The NC pension rate is calibrated very carefully so that the vast majority of pensioners do not fall into the statistical category of being at risk of poverty.


----------



## Sarenco (8 Jul 2019)

Brendan Burgess said:


> Here is what she actually said on Newstalk.
> 
> https://www.newstalk.com/podcasts/h...close-extra-tenner-week-increase-years-budget


Thanks Brendan.

I've listened to that interview in full and I didn't hear any suggestion that the Minister wants to abolish the State (Contributory) pension.


PMU said:


> The most objectional thing the Minister has come out with is that “It is not “fair” that some older people receive State pensions that are more than they need”.


Except the Minister didn't actually say that - you added your own quotation marks.


----------



## PMU (8 Jul 2019)

Sarenco said:


> Except the Minister didn't actually say that - you added your own quotation marks.


 I simply quoted from Mr. Burgess's post # 1 "It is not “fair” that some older people receive State pensions that are more than they need while others on the same amount live in poverty, Minister for Social Protection Regina Doherty  has said." 
 The quotation marks around 'fair' are in the original post.


----------



## Brendan Burgess (8 Jul 2019)

Sarenco said:


> you added your own quotation marks.



I was quoting the Irish Times attributing that to her.

Brendan


----------



## noproblem (8 Jul 2019)

Going on what she seems to be saying she's going to take a massive cut in her pension. But, but, maybe she's not implicating the TD's/ministers in her silly diatribe?  In any case, she's wasting her time if she thinks she'll get the better of the grey brigade.


----------



## Sarenco (8 Jul 2019)

What diatribe?

Have you actually listened to the interview that Brendan posted?


----------



## noproblem (8 Jul 2019)

Indeed I have Sarenco, i'm also very aware of how the media work and how the little sprat is thrown out there by the minister, in order to see what sort of bite there is. One can interpret what the minister said in many different ways, your choice is yours and your opinion is very important , just like everyone else's.


----------



## Sarenco (8 Jul 2019)

Fair enough but what exactly did the Minister say that is giving you cause for concern?

She specifically said that the State contributory pension would remain the "cornerstone" of our pension system, with the intention that it would continue at roughly 34% of average earnings.

To be honest, I think this entire thread is built on an unfortunate journalistic flourish by the IT.  Silly season stuff.


----------



## PMU (10 Jul 2019)

Sarenco said:


> To be honest, I think this entire thread is built on an unfortunate journalistic flourish by the IT.  Silly season stuff.


No.

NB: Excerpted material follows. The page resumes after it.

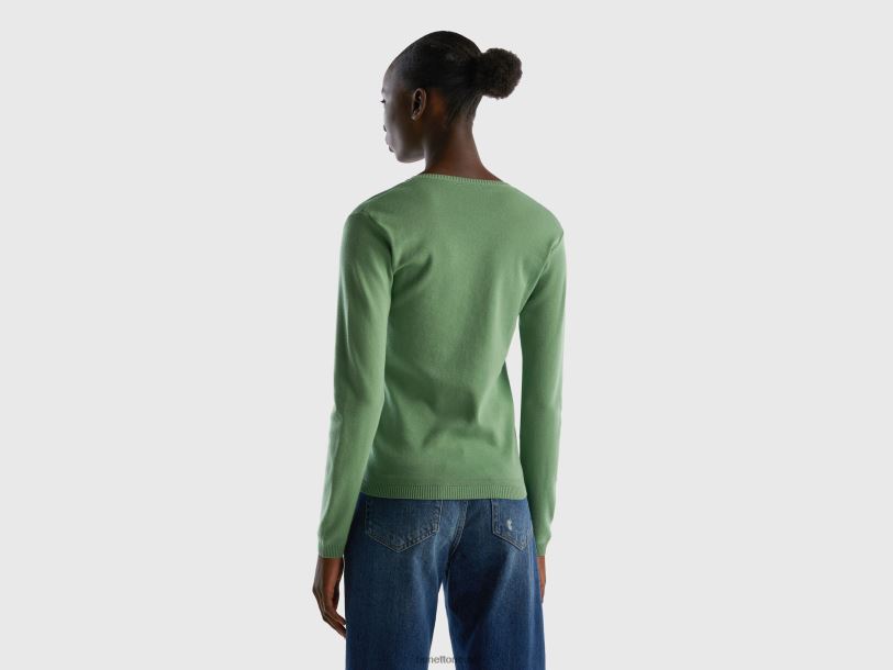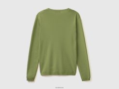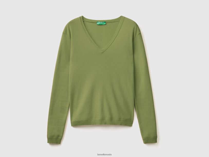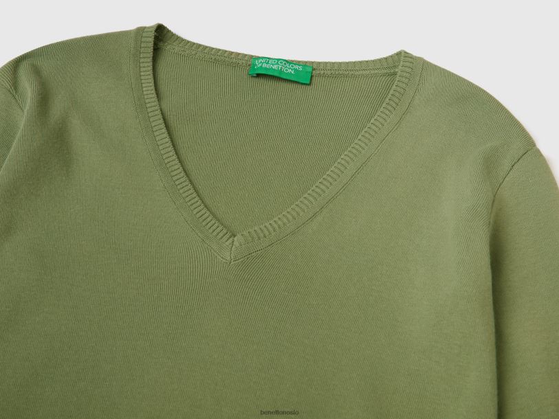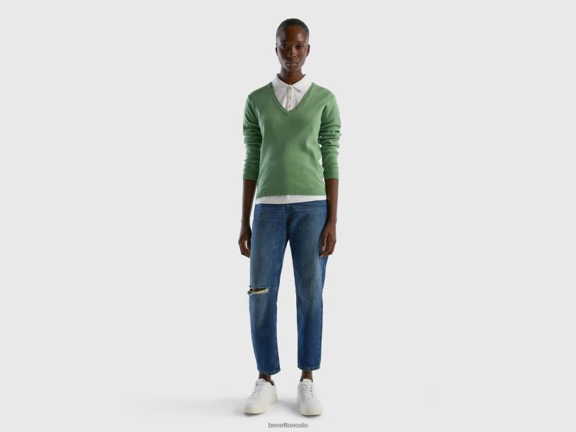 grønn Benetton kvinner v-halset genser i ren bomull 20TRB80

It appears to be the start of a process to means-test the state pension. https://www.irishtimes.com/business...igher-state-pension-than-glenageary-1.3951706.


----------



## Sarenco (10 Jul 2019)

PMU said:


> It appears to be the start of a process to means-test the state pension


Really?  That's just a piece of journalistic speculation that concludes:
"In light of this, what Ms Doherty may have been alluding to is an end to the gravy train of universal State pension increases...."

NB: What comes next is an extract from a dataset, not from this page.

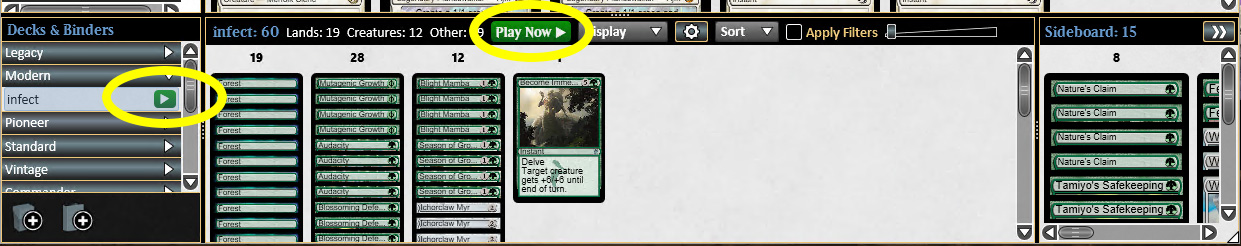 TIP: If 'Play Now' is greyed out, make sure your deck is legal for the chosen format

The Minister never suggested abolishing the State (Contributory) Pension (which would just leave the means-tested non-contributory pension).

Incidentally, I would have no problem in principle with the OECD suggestion that there should be a less generous universal pension for all, with a mean-tested top up for those in need.


----------



## noproblem (10 Jul 2019)

And what is your standard of measurement for "those in need" Sarenco? I could have a house or an apartment worth a huge amount of money and barely any income and that's just for starters. Ms Doherty should have kept her gob shut on this one if as you say she didn't mean anything untoward. However, not for the first time she's stirring the pot, or attempting to do so.


----------



## Sarenco (10 Jul 2019)

noproblem said:


> And what is your standard of measurement for "those in need" Sarenco?


What does it matter?  I don't make the rules.

I simply suggested that I wouldn't have a problem, in principle, with the OECD proposal (which, incidentally, has not been adopted as Government policy).


noproblem said:


> However, not for the first time she's stirring the pot, or attempting to do so.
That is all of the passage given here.